What's stopping you reaching your healthy weight? Part 1- Stress

You have been dieting and exercising but the weight is not shifting - how frustrating is that!? 

The first thing to do is get yourself checked out by a medical practitioner, as certain conditions such as underactive thyroid can get in the way of your efforts to lose weight.  If your doctor gives you the all clear, however, it's time to look at other factors that may have affected your weight.

A major culprit causing weight gain is stress.  When you are stressed, your adrenal glands secrete 'fight or flight' hormones such as cortisol.  Way back in our evolution, we needed this response to help us run away from or fight a stressor- for instance, to give us the energy we would need to run away from a wild animal.  One of the effects of cortisol is to convert protein stores into glucose which enters the blood and is distributed to the muscles where it can be readily accessed- perfect for 'fight or flight'.  Nowadays, however, we don't often have the same kind outlet for our stress- that is, one that burns up lots of energy. If our boss asks us to type up a big report at the last minute, it's unlikely we'll be able to run around at the same time to burn up the glucose. So if stress becomes chronic, you'll tend to find that blood sugar levels become elevated.  Normally your body would up its production of insulin to return your blood sugar levels to normal, but cortisol inhibits insulin (because your body thinks that the glucose is 'needed' by the muscles).  The result? Chronically raised blood sugar levels that also, paradoxically, leads to the cells of your body being glucose deficient- as insulin enables glucose to enter your cells.  Your brain then causes you to feel hungry, making you prone to overeating- especially high calorie foods such as fats and easily converted to energy foods such as carbs. 

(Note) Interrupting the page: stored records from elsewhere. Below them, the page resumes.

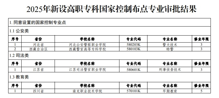 审批结果可在教育部政务服务管理平台(网址:http://gz.moe.gov.cn)查询。审批同意设置的国家控制布点专业将导入全国职业院校专业设置管理与公共信息服务平台,自2025年起可以招生。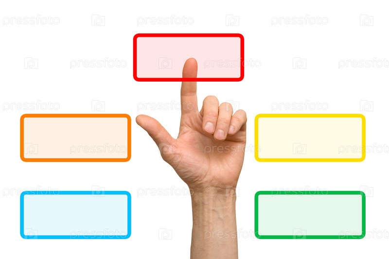 Человеческая рука нажимает на красную кнопку, изолированные на белом фоне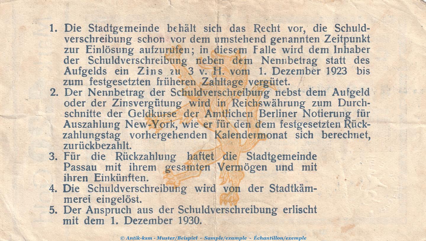 Notgel Stadt Passau, 4,20 Gold Mark Schein in gbr. Müller 3795.5 von 1923 , Bayern wertbeständiges Notgeld
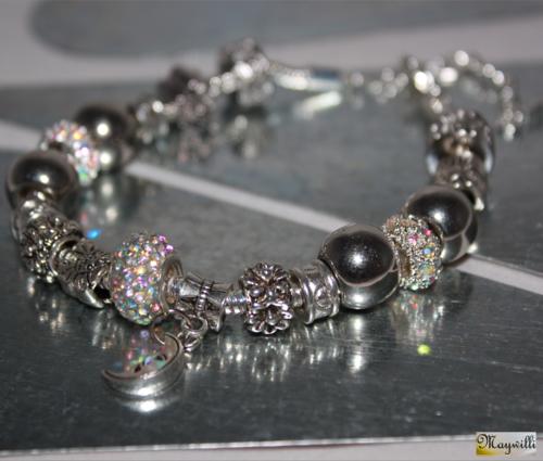 Měsíční třpyt Náramek s nápadným štrasovým korálkem crystal AB, štrasovými válečky crystal, přívěskem měsíc, kovovými korálky různých typů a tvarů dle obrázku, bižuterní kov v barvě stříbra, starostříbra. Univerzální velikost díky prodlužovacímu řetízku, zapínání na karabinku.  DETAIL1 |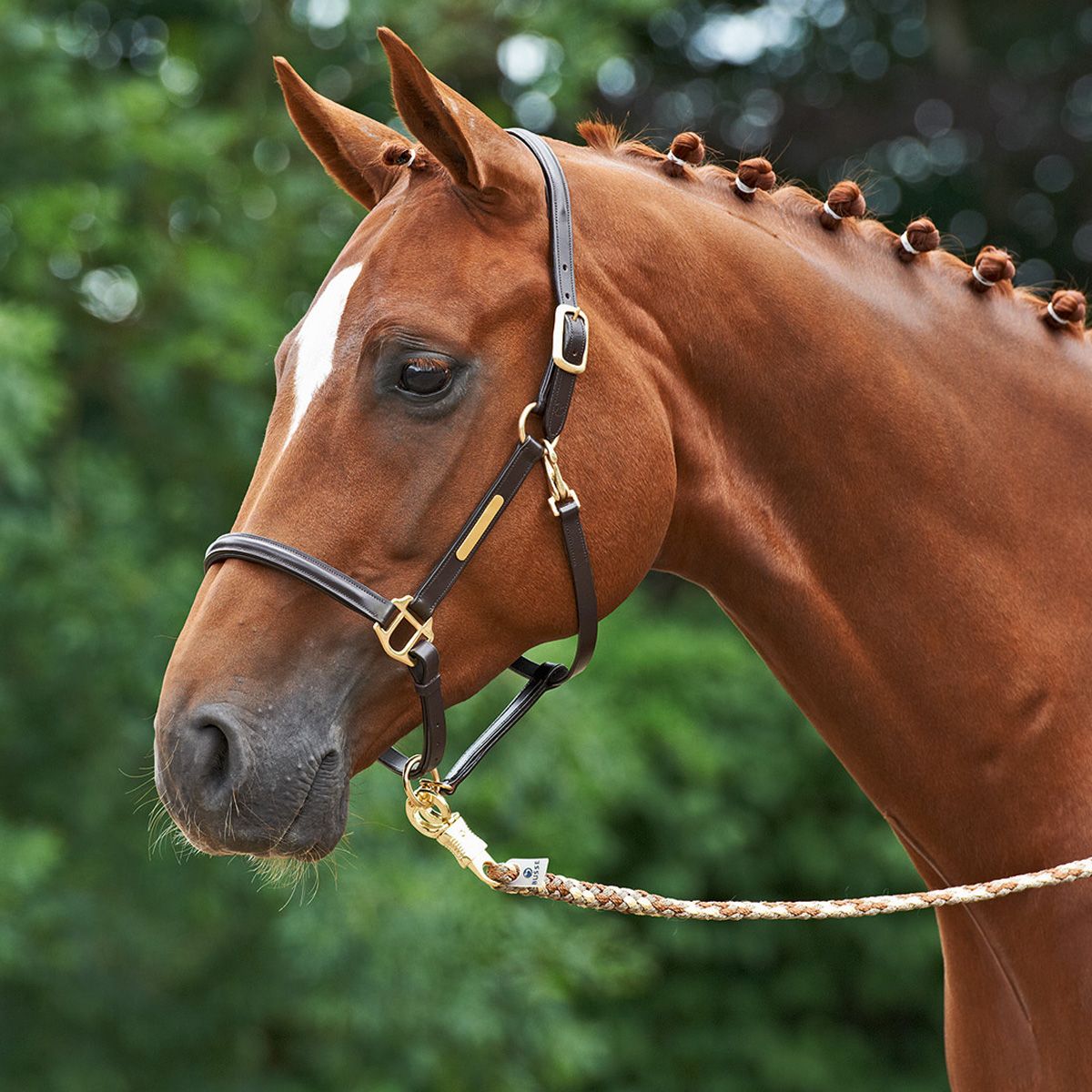 Halter nobil realizat din cea mai bună piele de frâu - placă metalică pentru gravuri individuale, poate fi desfăcută și fixată cu șuruburi.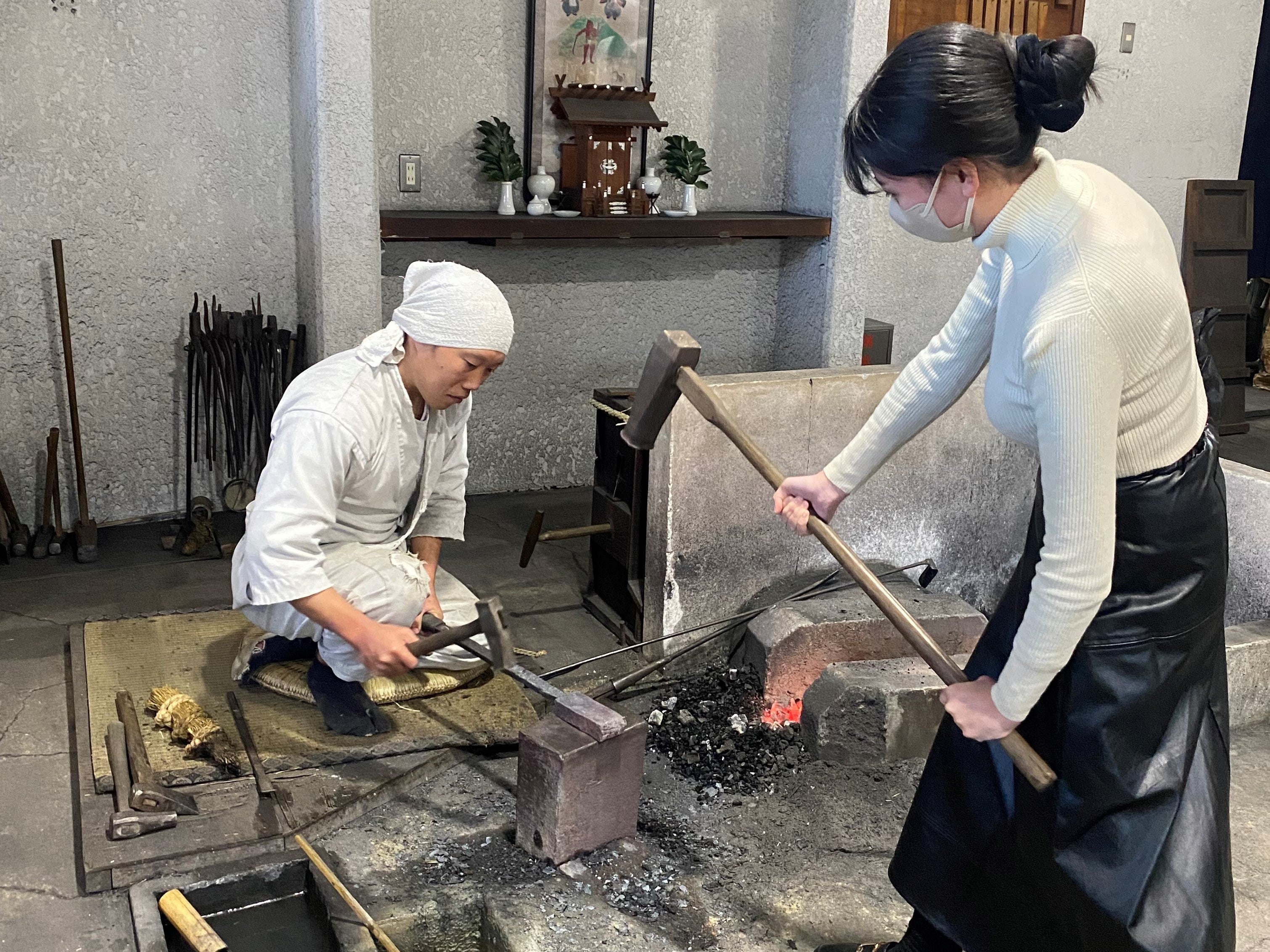 1)関鍛冶伝承館で古式日本刀鍛錬&相槌体験、企画展を見学

Another worry is that cortisol can also release triglycerides from storage- that's fat to you and me.  If not used  fightin' or flightin' then this fat is then stored round the belly area.  This is because your body stores the fat close to your liver where it can be quickly converted to energy if needed. The bad news is that fat stored here increases the risk if diabetes, stroke, cardiovascular disease etc. 

So what can you do to relieve stress?

  • Try yoga, Tai Chi, meditation and relaxation techniques.
  • When we are stressed we breathe quick and shallow, into only the upper chest.  When we are calm we breathe slow and deep.  We can create a feeling of calm when we are stressed simply by taking some consciously deep breaths.  When we practice deep breathing regularly, we start to react to stressors in a more considered way.  
  • Aerobic exercise 'burns off' stress hormones.
  • Take B vitamins to help keep the nervous system functioning well.  When we are under stress our bodies need more B vitamins and they cannot be stored in your body.
  • Stress can arise from tension in your body.  Try yoga and maybe a magnesium supplement.
  • Get enough sleep.  You are more likely to become stressed if you are sleep deprived - we will look more into this next week.
  • My favourite stress buster is to spend time in nature.  After walking in the woods for an hour or by the river, things look much better.  You become more tuned in with the changing seasons and you never know what you might see - birds, deer, squirrels (I always carry some hopeful shelled peanuts!).
  • Another of my favourites is a long relaxing bath with epsom salts (detoxing) and lavender (relaxing). Please see-'Been out Christmas shopping? Restore with an epsom salt bath'.
  • Reduce caffeine, sugar, cigarettes and alcohol which enhance the body's stress response.